--- Work to be completed ---
Output, word for word, the lines of this listing that fall between the line with "联合资信:高邮市经济发展总公司2022年跟踪评级报告.pdf" and the line with "后卫:纳撒尼尔-布朗(法兰克福)、卢卡-武什科维奇(汉堡)、聚勒(多特)、斯塔尼希奇(拜仁) 门将:莫里茨-尼古拉斯(门兴) |", counting both of those lines, and no others.

--- Listed records ---
::::::

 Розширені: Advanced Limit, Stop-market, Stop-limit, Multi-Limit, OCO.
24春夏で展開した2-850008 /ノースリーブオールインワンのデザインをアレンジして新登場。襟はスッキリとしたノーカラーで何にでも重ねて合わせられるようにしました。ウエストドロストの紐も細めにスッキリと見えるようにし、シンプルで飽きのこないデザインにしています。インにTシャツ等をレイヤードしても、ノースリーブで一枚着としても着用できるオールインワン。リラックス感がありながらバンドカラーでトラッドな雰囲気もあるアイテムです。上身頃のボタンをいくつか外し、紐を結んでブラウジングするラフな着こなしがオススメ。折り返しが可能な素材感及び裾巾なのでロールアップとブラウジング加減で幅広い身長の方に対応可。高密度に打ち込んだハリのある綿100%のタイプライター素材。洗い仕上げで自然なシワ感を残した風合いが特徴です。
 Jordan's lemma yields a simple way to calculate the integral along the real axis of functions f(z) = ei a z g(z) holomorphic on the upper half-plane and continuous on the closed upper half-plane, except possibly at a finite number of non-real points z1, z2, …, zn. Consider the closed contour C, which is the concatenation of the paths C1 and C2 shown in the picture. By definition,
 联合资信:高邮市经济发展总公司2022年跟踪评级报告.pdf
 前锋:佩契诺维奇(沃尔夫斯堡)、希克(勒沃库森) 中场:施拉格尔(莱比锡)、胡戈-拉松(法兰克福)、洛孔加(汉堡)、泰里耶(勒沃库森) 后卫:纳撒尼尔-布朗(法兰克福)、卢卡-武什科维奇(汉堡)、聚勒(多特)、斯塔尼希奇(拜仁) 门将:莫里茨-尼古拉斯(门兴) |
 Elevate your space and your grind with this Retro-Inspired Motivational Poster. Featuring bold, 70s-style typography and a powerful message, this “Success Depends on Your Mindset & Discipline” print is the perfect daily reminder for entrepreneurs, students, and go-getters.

::::::

--- Output for this task ---
 联合资信:高邮市经济发展总公司2022年跟踪评级报告.pdf
 前锋:佩契诺维奇(沃尔夫斯堡)、希克(勒沃库森) 中场:施拉格尔(莱比锡)、胡戈-拉松(法兰克福)、洛孔加(汉堡)、泰里耶(勒沃库森) 后卫:纳撒尼尔-布朗(法兰克福)、卢卡-武什科维奇(汉堡)、聚勒(多特)、斯塔尼希奇(拜仁) 门将:莫里茨-尼古拉斯(门兴) |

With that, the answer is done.